So, I put together a CUDA version of Mish, mixed results so far. It’s at https://github.com/thomasbrandon/mish-cuda (@Diganta - check the attributions to you are all good, also happy to give it to you).
First issue is that while it builds it causes an import error as it can’t find a PyTorch function needed for the nice easy way I implemented it. I’ve posted to the PyTorch forums but not reply yet (if not replied I might raise an issue, partly scared they’ll take away the really easy way to do a kernel, not sure it’s meant to be public given the error). I’ve added a pretty nasty hack that lets it import in the nasty-hack
branch. The issue is a function for potentially overlapping tensors so it doesn’t get called on contiguous tensors which you usually have. But the hack may break all non-contiguous tensors as it just provides a version of the needed function that raises an exception (ideally only for within the extension but maybe anytime it’s imported).
Second issues is it doesn’t train, gives all nan for loss. I’ve got tests to check the gradients against the standard PyTorch implementation and they pass except for torch.autograd.gradgradcheck
(second derivative) which I think is only for when you do funky stuff (sending requires_grad=True
tensors through the backward pass). So, not sure what’s happening here. I guess that may be the issue with the torch.autograd.Function
implementation above. Haven’t delved into this much, only just tried an actual training run.
Third issue is performance is mixed at the moment:
Profiling over 100 runs after 10 warmup runs.
Profiling on GeForce RTX 2070
relu_fwd: 248.4µs ± 1.573µs (235.3µs - 253.7µs)

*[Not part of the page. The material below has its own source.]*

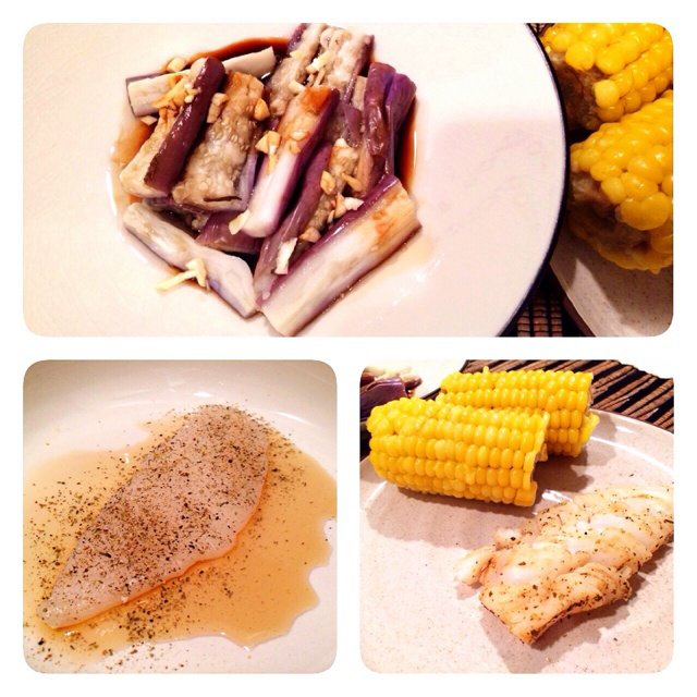 拌茄子,蒸玉米,煎鳕鱼

relu_bwd: 423.6µs ± 59.06µs (416.1µs - 1.011ms)
softplus_fwd: 275.1µs ± 28.11µs (254.7µs - 324.2µs)
softplus_bwd: 423.2µs ± 5.204µs (418.6µs - 434.3µs)
mish_pt_fwd: 797.6µs ± 1.826µs (783.3µs - 803.6µs)
mish_pt_bwd: 1.690ms ± 964.0ns (1.688ms - 1.695ms)
mish_cuda_fwd: 280.6µs ± 2.585µs (260.6µs - 294.7µs)
mish_cuda_bwd: 7.871ms ± 1.251µs (7.867ms - 7.876ms)
mish_pt being the standard PyTorch implementation, though just as:
mish_pt = lambda x: x.mul(torch.tanh(F.softplus(x)))
So forward is good, faster than pytorch, around the same as softplus and near relu. But backward is horrible. Think that’s as I just used the calcs from the autograd function one (direct from paper) unchanged except for converting to C++. So like 6 exp
s which are quite slow in CUDA. There is a fast exp
instruction in CUDA but it has limited accuracy (and especially limited range in which it’s accurate). Enabling it globally through a compiler option made all the gradient checks blow up, but may be able to use it more judiciously. And I should at least be able to use exp(c * inp) == exp(inp)**c
to reduce the number. And a some other things to try to increase performance of both forward and backward (not much to optimise though without optimising the PyTorch function I use, though there is a note in there about an optimisation that might help).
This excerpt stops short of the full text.